Para a especialista, a lei não elimina os juros altos, mas limita os danos. “Essa lei advém de uma política pública que visava, no ano de 2023, diminuir o superendividamento da população, que, de fato, é muito grande. Considera, inclusive, o fato de que 40% dos contratos bancários têm taxas abusivas. Eu acredito piamente que barrar a incidência de juros limita o banco a usurpar, principalmente, os consumidores que não têm tanto conhecimento técnico sobre o caso”, explica.
Jéssica Vitorino destaca que a lei se conecta diretamente com outras legislações. “Com certeza, todas essas legislações são fundamentais. Quando falamos de direito, os códigos vigentes no país resultam em legislações específicas. Uma legislação que trata do superendividamento tem como base a Constituição Federal, passando pelo Código Civil e pelo Código de Defesa do Consumidor. Trata especificamente da vedação e do limite de juros abusivos em caso de parcelamento de cartão de crédito”, afirma.
Por fim, a advogada orienta sobre os cuidados práticos. “O contrato e os comprovantes, os extratos bancários que evidenciam os valores debitados e pagos devem ser guardados. Pode ocorrer de o contrato falar um valor e, na prática, o que é debitado da conta ou lançado na fatura vir com penduricalhos. Então, é importante contrastar o que é legal, o que está com base na lei do parcelamento de cartão de crédito, o que é contratado pelo consumidor e o que é aplicado na hora do pagamento. Muitas vezes, você paga mais do que está no contrato por outras questões, como taxas extras ou seguros não contratados. Isso acontece com muita frequência”, esclarece.

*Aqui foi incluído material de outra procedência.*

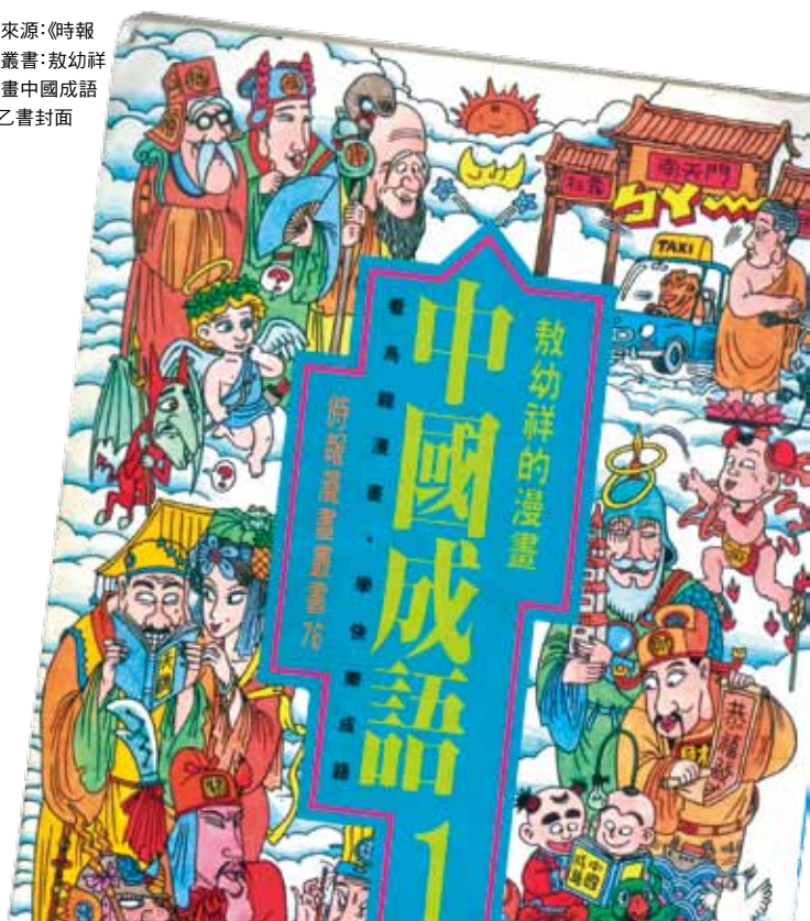
圖片來源：《時報 漫畫叢書：敖幼祥 的漫畫中國成語 (1)》乙書封面

移居至花蓮之後，敖幼祥也逐漸關注生態環境的問題。1996年6月10日，敖幼祥參與「反臺泥行動聯盟」的抗議活動，反對花蓮市擴建水泥廠，避免空氣汙染、噪音汙染的危害。反臺泥行動聯盟至議會抗議遭到警方出動強大的警力阻擋，在推擠過程中敖幼祥左眼上方掛彩，也登上新聞版面。 28 敖幼祥以行動實踐對大自然的愛護，也與其創作方向與內涵的轉變一致，並在其中表達他對於保育動物的關懷以及對生態環境汙染的憂心。而在《烏龍院》漫畫系列中，收錄於《爆笑烏龍院3》的短篇連環漫畫〈打虎英雄傳〉 29 以及《烏龍院精彩大長篇：御獸園》，敖幼祥以諧擬武松打虎故事的方式，探討人類對於野生動物的濫捕濫殺，造成物種瀕臨絕種。

Em situações de cobrança abusiva, a advogada recomenda cautela. “Depende. As ações judiciais, até por uma questão de considerar que o Poder Judiciário já tem muitas ações, é interessante que todos os consumidores tentem resolver na via administrativa. Entretanto, após duas ou três tentativas sem sucesso, é importante que o consumidor procure, de fato, um advogado, pelo menos para entender como seria buscar judicialmente os seus direitos. É importante ressaltar também que, eventualmente, o consumidor tem direito a ser ressarcido. Ou seja, um consumidor que pagou anos de um contrato abusivo ou mesmo que fez o parcelamento do cartão de crédito e já finalizou esse parcelamento pagando muito mais do que deveria pode reaver o valor pago”, aponta.
Sobre a aplicação da lei em dívidas antigas, Vitorino esclarece que a vigência da lei se deu em 3 de janeiro de 2024. “Ou seja, o consumidor que parcelou a dívida em seis vezes a partir de 4 de janeiro de 2024 ainda pode, com base nessa lei, reivindicar os valores pagos a mais posteriormente à vigência da lei. Entretanto, não é possível aplicar a lei de forma retroativa para parcelamentos de cartão de crédito que ocorreram nos anos de 2023, 2022 ou anteriores”, comenta.
Na visão da especialista, a legislação é importante, mas ainda enfrenta desafios. “Eu acho que essa legislação vem para tentar dirimir os danos causados pelas taxas de juros muito altas aplicadas no Brasil. Mas a falta de conhecimento e a falta de aplicação da legislação na prática ainda fazem com que muitos consumidores saiam lesados. De forma que, numa análise técnica, ainda se percebe abusividade em quase metade dos contratos vigentes. Em nível de cartão de crédito, eu não tenho esse dado, mas podemos ter certeza de que essa legislação ainda não é completamente aplicada. Resta ao consumidor ir atrás do seu próprio direito e não ter a certeza de que o banco está aplicando o que é vigente”, finaliza.